▸ **SOURCE DATA**:
BEGIN
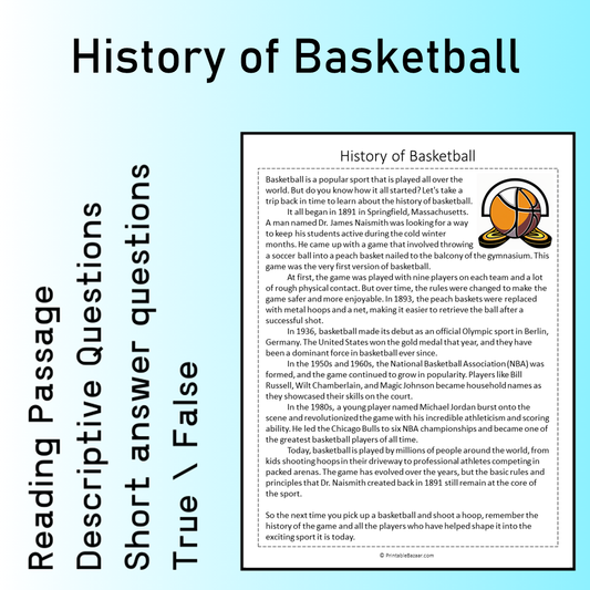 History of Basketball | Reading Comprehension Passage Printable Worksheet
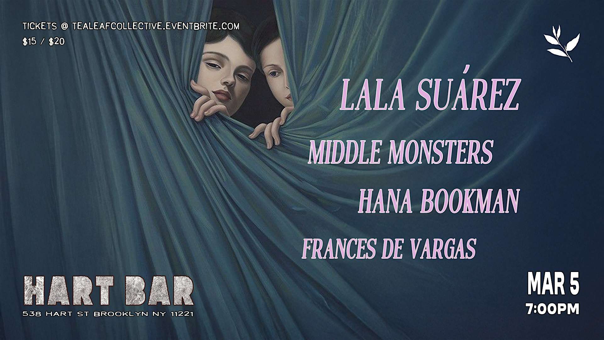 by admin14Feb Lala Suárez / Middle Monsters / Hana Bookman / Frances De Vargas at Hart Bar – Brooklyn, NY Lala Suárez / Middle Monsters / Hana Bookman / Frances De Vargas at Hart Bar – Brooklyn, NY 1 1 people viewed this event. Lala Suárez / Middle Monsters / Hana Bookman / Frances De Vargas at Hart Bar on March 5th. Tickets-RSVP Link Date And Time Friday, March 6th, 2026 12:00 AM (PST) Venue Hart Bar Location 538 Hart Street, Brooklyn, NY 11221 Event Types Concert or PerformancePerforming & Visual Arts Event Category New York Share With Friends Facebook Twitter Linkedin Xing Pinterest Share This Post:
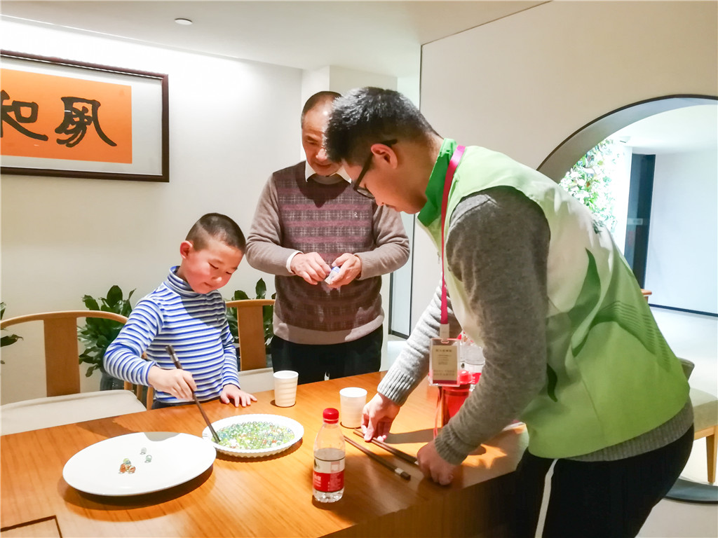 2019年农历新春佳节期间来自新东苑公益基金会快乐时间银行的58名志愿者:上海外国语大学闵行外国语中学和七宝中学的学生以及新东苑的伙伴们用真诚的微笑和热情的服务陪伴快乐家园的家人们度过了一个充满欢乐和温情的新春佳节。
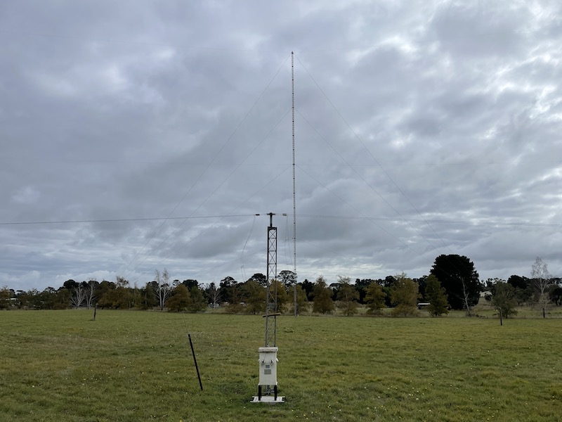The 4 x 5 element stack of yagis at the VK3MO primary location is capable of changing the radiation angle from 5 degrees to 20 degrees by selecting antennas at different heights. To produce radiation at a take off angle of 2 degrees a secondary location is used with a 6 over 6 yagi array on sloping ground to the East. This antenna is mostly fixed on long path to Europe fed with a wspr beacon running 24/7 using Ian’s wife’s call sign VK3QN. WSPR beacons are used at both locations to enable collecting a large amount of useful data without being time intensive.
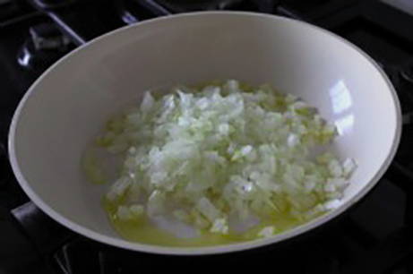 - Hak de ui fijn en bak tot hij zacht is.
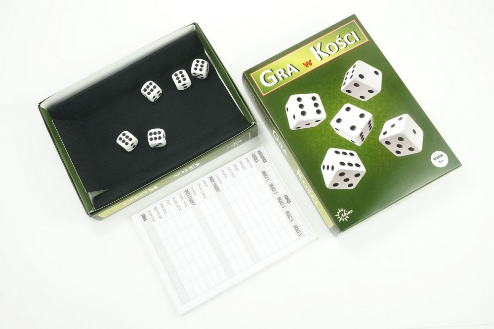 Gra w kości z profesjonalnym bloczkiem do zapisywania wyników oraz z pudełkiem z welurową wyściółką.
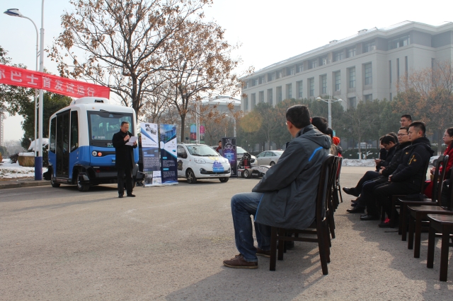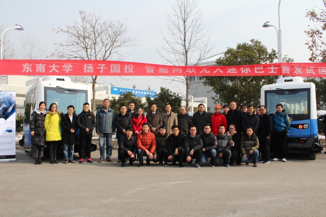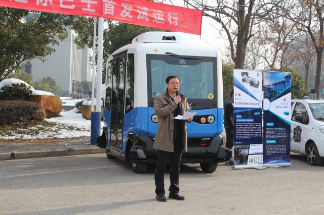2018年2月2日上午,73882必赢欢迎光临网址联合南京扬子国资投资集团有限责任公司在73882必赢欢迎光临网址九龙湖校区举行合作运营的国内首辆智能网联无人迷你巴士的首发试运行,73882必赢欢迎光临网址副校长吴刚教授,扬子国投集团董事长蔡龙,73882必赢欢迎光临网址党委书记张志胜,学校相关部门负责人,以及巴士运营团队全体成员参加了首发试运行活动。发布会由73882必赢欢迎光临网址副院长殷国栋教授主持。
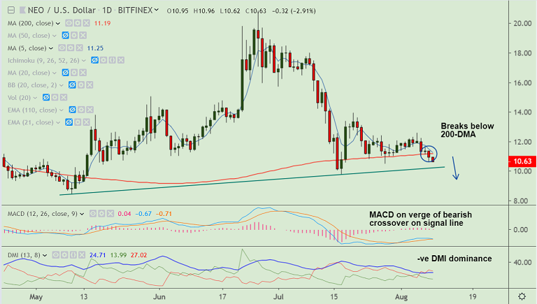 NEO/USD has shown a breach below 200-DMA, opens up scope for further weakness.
END
▸ **ASSIGNMENT**:
Copy out every line of the data exactly, leaving the images behind.

▸ **EXERCISE RESULT**:
 History of Basketball | Reading Comprehension Passage Printable Worksheet
 by admin14Feb Lala Suárez / Middle Monsters / Hana Bookman / Frances De Vargas at Hart Bar – Brooklyn, NY Lala Suárez / Middle Monsters / Hana Bookman / Frances De Vargas at Hart Bar – Brooklyn, NY 1 1 people viewed this event. Lala Suárez / Middle Monsters / Hana Bookman / Frances De Vargas at Hart Bar on March 5th. Tickets-RSVP Link Date And Time Friday, March 6th, 2026 12:00 AM (PST) Venue Hart Bar Location 538 Hart Street, Brooklyn, NY 11221 Event Types Concert or PerformancePerforming & Visual Arts Event Category New York Share With Friends Facebook Twitter Linkedin Xing Pinterest Share This Post:
 2019年农历新春佳节期间来自新东苑公益基金会快乐时间银行的58名志愿者:上海外国语大学闵行外国语中学和七宝中学的学生以及新东苑的伙伴们用真诚的微笑和热情的服务陪伴快乐家园的家人们度过了一个充满欢乐和温情的新春佳节。
The 4 x 5 element stack of yagis at the VK3MO primary location is capable of changing the radiation angle from 5 degrees to 20 degrees by selecting antennas at different heights. To produce radiation at a take off angle of 2 degrees a secondary location is used with a 6 over 6 yagi array on sloping ground to the East. This antenna is mostly fixed on long path to Europe fed with a wspr beacon running 24/7 using Ian’s wife’s call sign VK3QN. WSPR beacons are used at both locations to enable collecting a large amount of useful data without being time intensive.
 - Hak de ui fijn en bak tot hij zacht is.
 Gra w kości z profesjonalnym bloczkiem do zapisywania wyników oraz z pudełkiem z welurową wyściółką.
2018年2月2日上午,73882必赢欢迎光临网址联合南京扬子国资投资集团有限责任公司在73882必赢欢迎光临网址九龙湖校区举行合作运营的国内首辆智能网联无人迷你巴士的首发试运行,73882必赢欢迎光临网址副校长吴刚教授,扬子国投集团董事长蔡龙,73882必赢欢迎光临网址党委书记张志胜,学校相关部门负责人,以及巴士运营团队全体成员参加了首发试运行活动。发布会由73882必赢欢迎光临网址副院长殷国栋教授主持。
 NEO/USD has shown a breach below 200-DMA, opens up scope for further weakness.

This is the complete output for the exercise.